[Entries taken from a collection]
=== Section Start ===

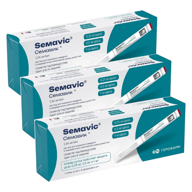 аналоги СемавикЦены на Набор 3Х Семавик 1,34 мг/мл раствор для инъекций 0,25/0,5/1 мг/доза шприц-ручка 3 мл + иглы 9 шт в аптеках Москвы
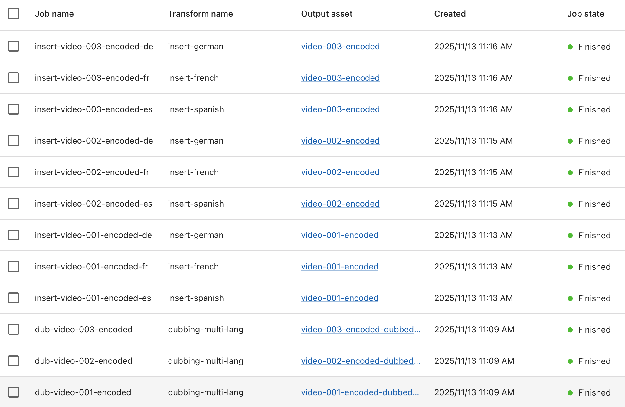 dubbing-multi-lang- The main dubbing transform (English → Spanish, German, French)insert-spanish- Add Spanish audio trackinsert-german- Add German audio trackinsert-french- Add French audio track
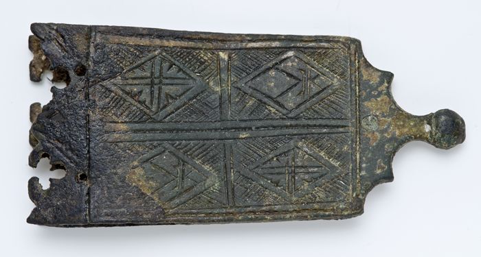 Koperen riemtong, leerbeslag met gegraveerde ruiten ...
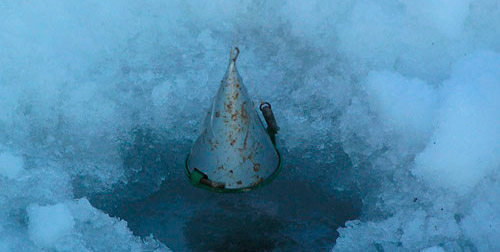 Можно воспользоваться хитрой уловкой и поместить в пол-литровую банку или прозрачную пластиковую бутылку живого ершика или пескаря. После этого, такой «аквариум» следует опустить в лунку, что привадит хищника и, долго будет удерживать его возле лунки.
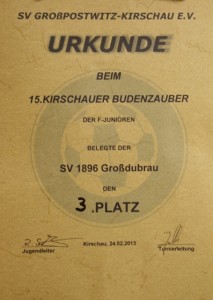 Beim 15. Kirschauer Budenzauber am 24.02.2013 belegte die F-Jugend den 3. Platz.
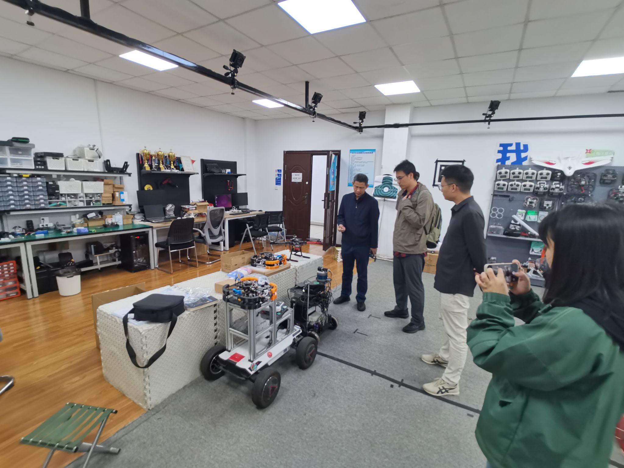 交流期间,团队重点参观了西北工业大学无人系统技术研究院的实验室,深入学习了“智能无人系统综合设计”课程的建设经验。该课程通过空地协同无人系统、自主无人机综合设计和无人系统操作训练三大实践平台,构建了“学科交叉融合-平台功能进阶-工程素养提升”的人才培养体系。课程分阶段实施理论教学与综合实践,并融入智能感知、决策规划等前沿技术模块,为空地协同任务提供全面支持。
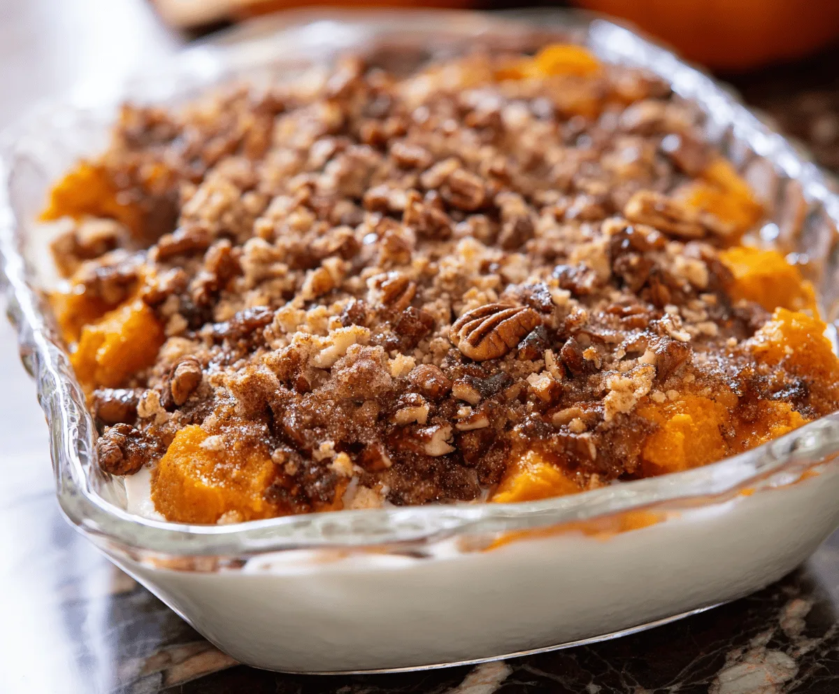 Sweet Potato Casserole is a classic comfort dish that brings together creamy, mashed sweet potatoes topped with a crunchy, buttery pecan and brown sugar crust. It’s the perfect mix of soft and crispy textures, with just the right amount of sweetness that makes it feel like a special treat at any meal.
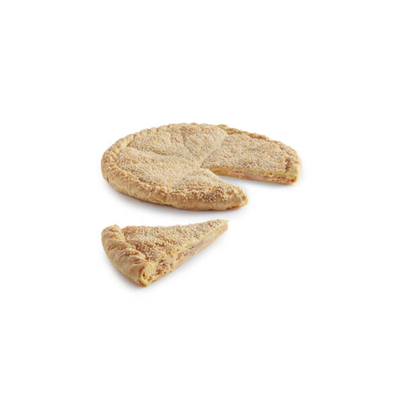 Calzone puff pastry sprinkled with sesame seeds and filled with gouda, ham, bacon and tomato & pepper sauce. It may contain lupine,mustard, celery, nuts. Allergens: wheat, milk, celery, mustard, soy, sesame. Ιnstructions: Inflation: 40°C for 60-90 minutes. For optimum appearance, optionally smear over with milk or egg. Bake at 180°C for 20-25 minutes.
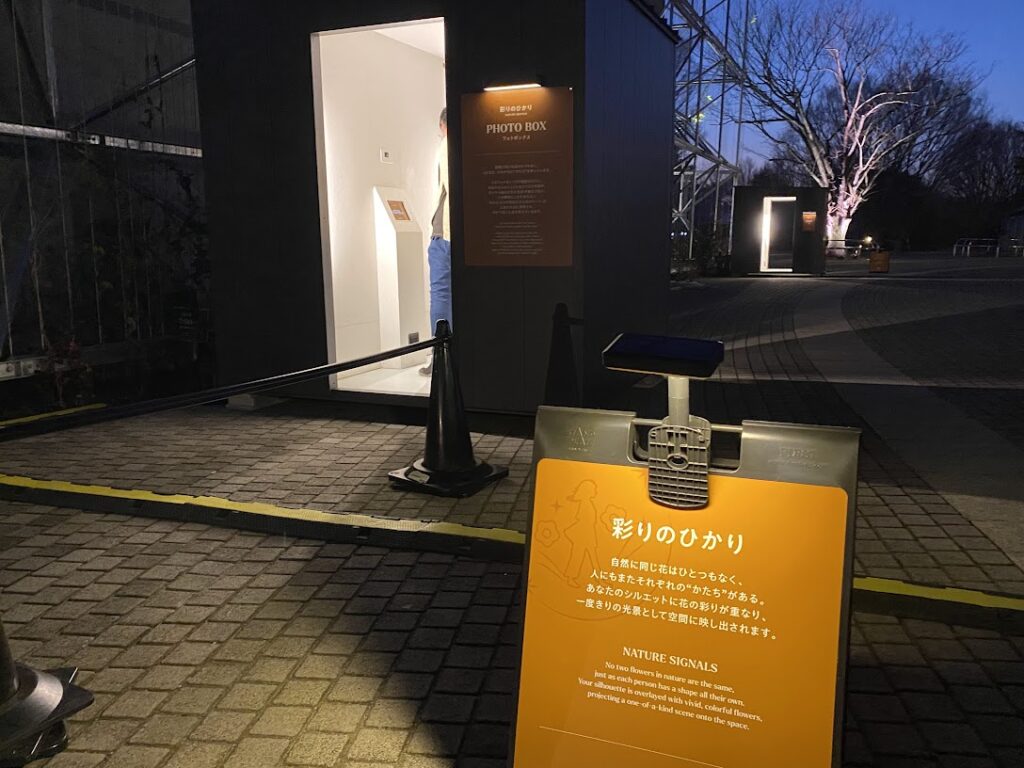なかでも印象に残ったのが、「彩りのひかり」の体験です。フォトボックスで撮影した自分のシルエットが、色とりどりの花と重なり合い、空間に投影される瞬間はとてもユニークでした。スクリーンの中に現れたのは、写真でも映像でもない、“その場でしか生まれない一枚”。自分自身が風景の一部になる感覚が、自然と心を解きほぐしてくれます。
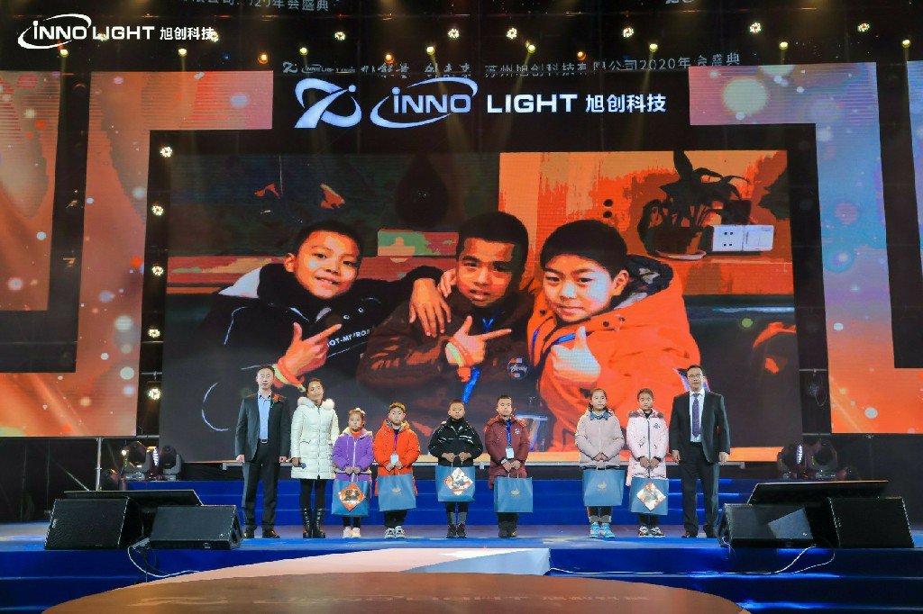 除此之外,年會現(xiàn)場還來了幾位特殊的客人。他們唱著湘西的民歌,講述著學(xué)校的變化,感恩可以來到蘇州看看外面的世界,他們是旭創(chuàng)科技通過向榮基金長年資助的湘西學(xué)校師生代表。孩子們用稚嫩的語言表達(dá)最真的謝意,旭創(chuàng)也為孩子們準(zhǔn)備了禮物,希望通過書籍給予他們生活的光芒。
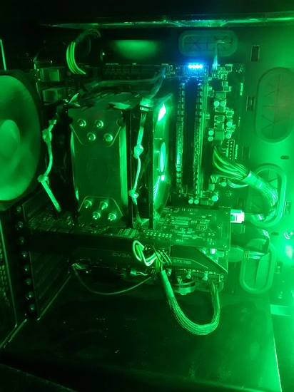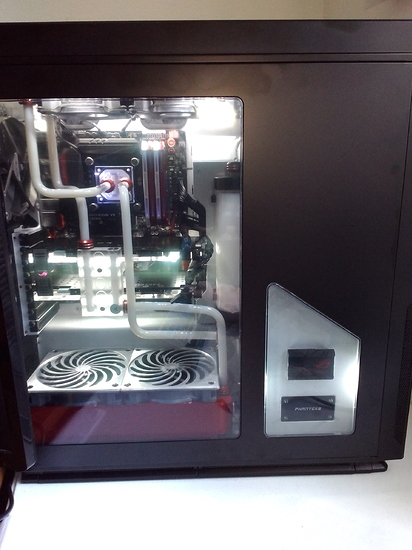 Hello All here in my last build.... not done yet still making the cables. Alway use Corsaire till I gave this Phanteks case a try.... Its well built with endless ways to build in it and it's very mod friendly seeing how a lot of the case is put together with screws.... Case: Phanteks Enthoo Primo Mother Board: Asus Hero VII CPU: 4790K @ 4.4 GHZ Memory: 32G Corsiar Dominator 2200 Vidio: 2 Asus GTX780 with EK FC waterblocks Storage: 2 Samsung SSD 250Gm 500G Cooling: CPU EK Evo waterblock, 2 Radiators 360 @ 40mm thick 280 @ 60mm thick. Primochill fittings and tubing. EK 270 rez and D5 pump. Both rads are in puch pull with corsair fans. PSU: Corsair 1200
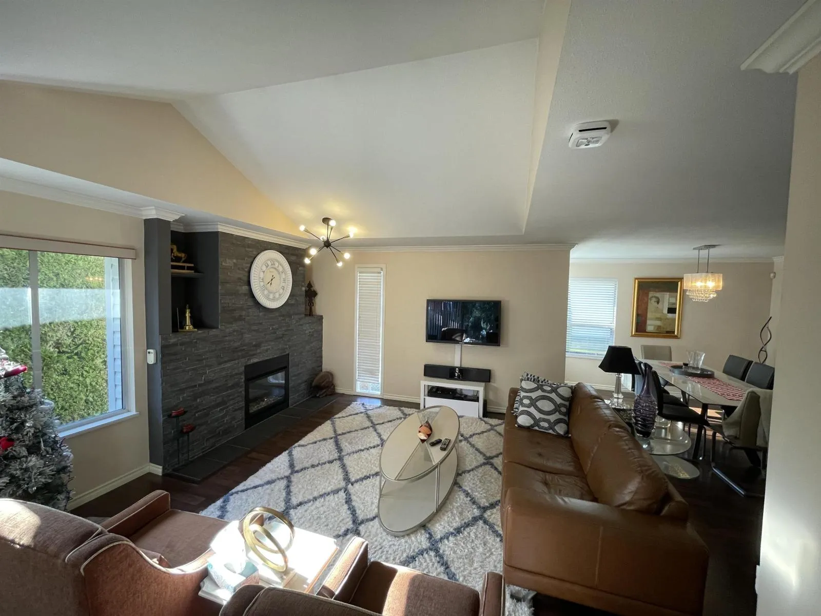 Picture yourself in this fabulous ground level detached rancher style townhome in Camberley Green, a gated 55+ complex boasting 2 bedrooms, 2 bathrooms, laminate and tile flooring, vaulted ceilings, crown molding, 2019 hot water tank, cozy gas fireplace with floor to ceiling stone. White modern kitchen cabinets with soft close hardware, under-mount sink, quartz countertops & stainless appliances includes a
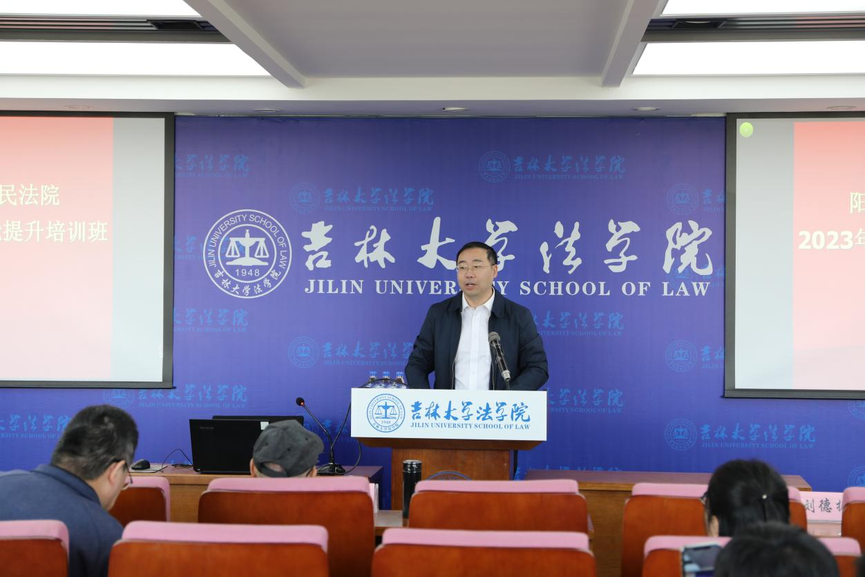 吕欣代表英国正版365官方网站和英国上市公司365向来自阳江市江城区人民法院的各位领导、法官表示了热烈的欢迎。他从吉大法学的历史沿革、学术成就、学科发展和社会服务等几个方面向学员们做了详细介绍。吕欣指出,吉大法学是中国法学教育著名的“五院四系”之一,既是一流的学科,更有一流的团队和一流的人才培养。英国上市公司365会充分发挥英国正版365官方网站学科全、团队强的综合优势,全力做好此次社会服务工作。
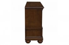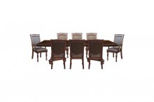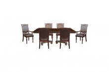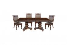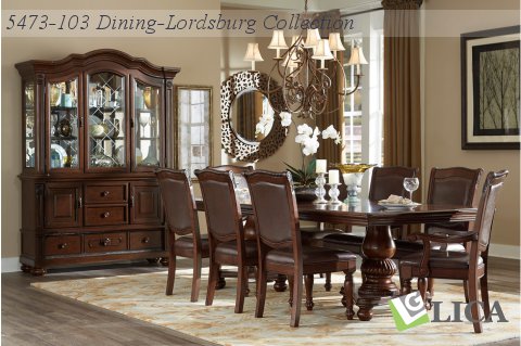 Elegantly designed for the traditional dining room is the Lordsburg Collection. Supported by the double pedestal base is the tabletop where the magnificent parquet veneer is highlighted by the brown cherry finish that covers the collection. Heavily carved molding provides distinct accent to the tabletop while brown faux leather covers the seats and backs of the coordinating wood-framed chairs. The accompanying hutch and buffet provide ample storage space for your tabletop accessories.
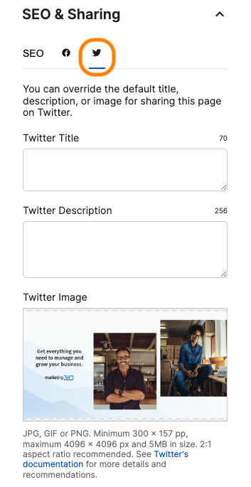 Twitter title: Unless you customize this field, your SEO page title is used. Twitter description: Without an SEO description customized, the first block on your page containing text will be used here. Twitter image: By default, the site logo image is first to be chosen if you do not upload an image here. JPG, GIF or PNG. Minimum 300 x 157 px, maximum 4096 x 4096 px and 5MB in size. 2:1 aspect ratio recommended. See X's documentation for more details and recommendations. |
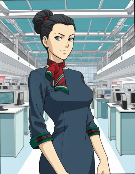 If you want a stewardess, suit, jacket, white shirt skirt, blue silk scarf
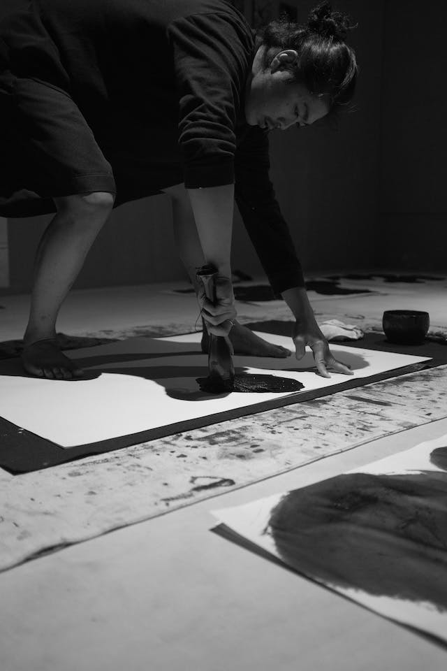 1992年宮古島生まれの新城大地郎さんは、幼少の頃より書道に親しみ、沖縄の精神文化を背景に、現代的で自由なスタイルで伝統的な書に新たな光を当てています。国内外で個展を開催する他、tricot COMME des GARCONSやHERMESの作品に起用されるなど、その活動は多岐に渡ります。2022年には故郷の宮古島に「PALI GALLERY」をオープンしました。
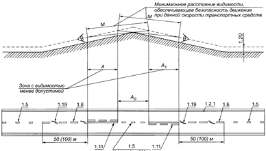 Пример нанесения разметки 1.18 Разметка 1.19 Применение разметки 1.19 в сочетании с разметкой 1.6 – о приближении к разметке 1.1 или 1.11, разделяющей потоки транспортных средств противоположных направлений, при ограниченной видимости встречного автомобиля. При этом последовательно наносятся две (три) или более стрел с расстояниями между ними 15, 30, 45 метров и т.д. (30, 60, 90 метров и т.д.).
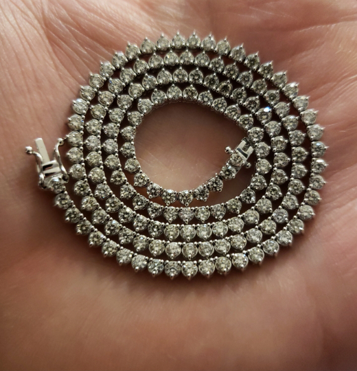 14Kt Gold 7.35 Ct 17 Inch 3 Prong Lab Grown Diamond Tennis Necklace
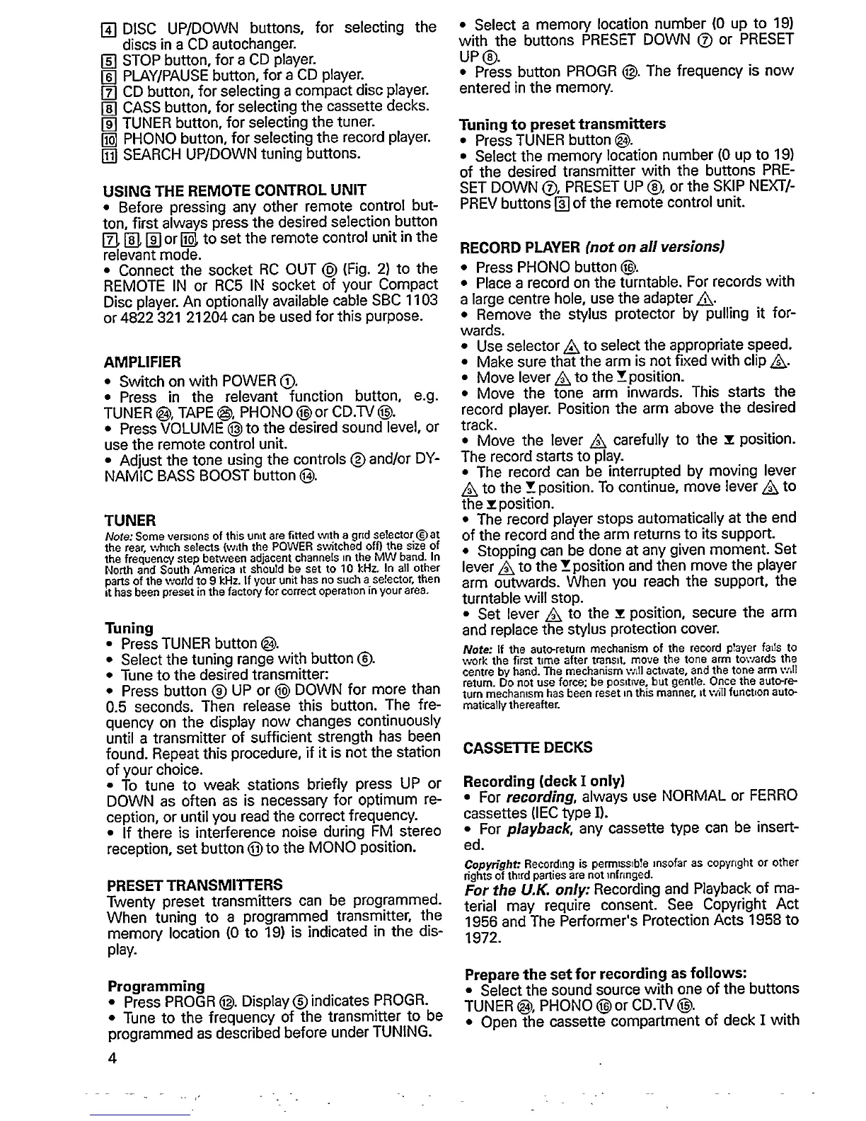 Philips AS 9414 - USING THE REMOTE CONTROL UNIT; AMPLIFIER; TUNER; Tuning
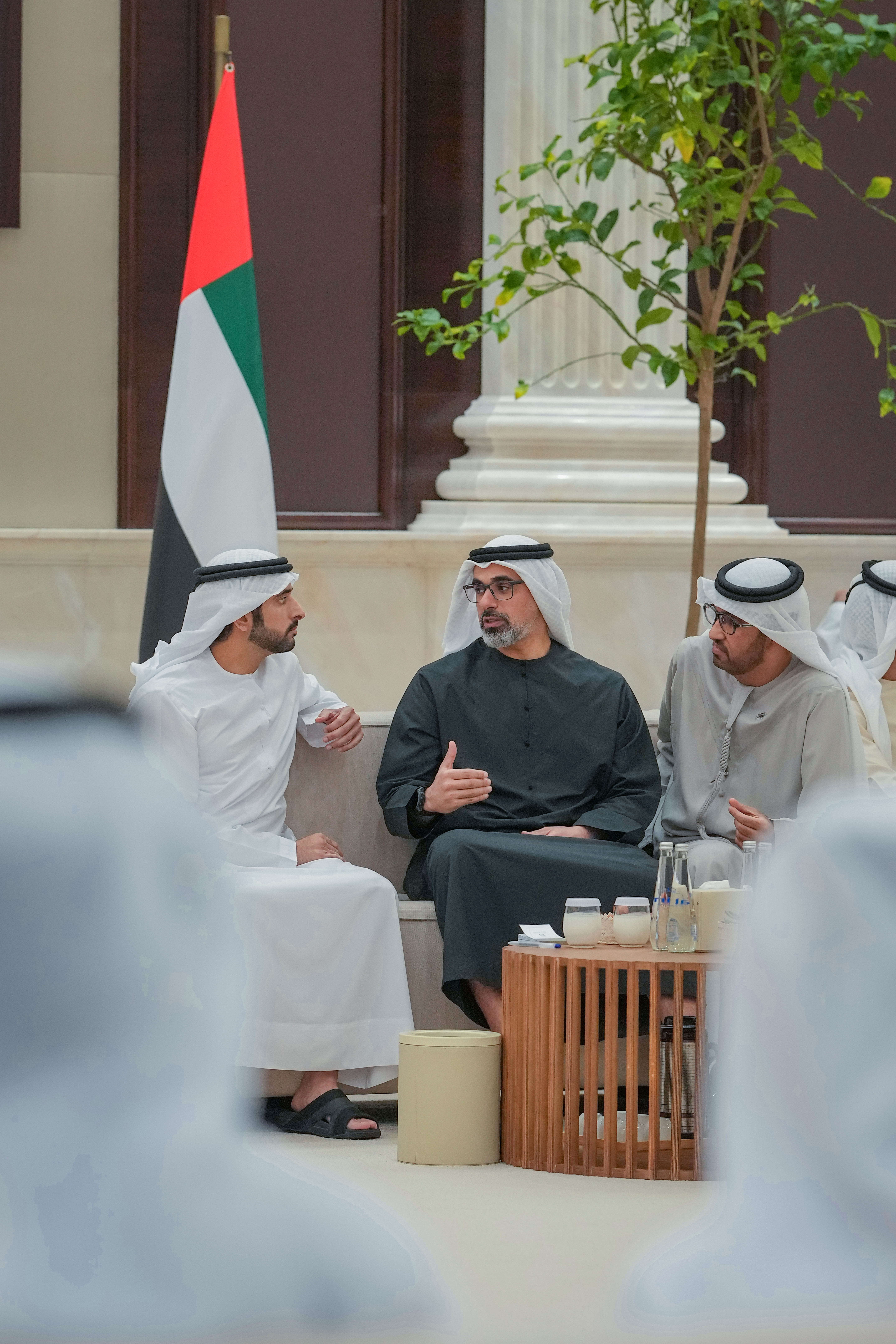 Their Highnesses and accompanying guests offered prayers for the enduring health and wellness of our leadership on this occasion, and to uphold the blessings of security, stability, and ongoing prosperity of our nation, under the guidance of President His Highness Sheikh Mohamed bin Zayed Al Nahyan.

=== Section End ===

- _Instructions to follow_
Output exactly those lines of the data above that run from the line with "If you want" up to and including the line with "14Kt Gold 7.35". No pictures go in.

- _Result_
 If you want a stewardess, suit, jacket, white shirt skirt, blue silk scarf
 1992年宮古島生まれの新城大地郎さんは、幼少の頃より書道に親しみ、沖縄の精神文化を背景に、現代的で自由なスタイルで伝統的な書に新たな光を当てています。国内外で個展を開催する他、tricot COMME des GARCONSやHERMESの作品に起用されるなど、その活動は多岐に渡ります。2022年には故郷の宮古島に「PALI GALLERY」をオープンしました。
 Пример нанесения разметки 1.18 Разметка 1.19 Применение разметки 1.19 в сочетании с разметкой 1.6 – о приближении к разметке 1.1 или 1.11, разделяющей потоки транспортных средств противоположных направлений, при ограниченной видимости встречного автомобиля. При этом последовательно наносятся две (три) или более стрел с расстояниями между ними 15, 30, 45 метров и т.д. (30, 60, 90 метров и т.д.).
 14Kt Gold 7.35 Ct 17 Inch 3 Prong Lab Grown Diamond Tennis Necklace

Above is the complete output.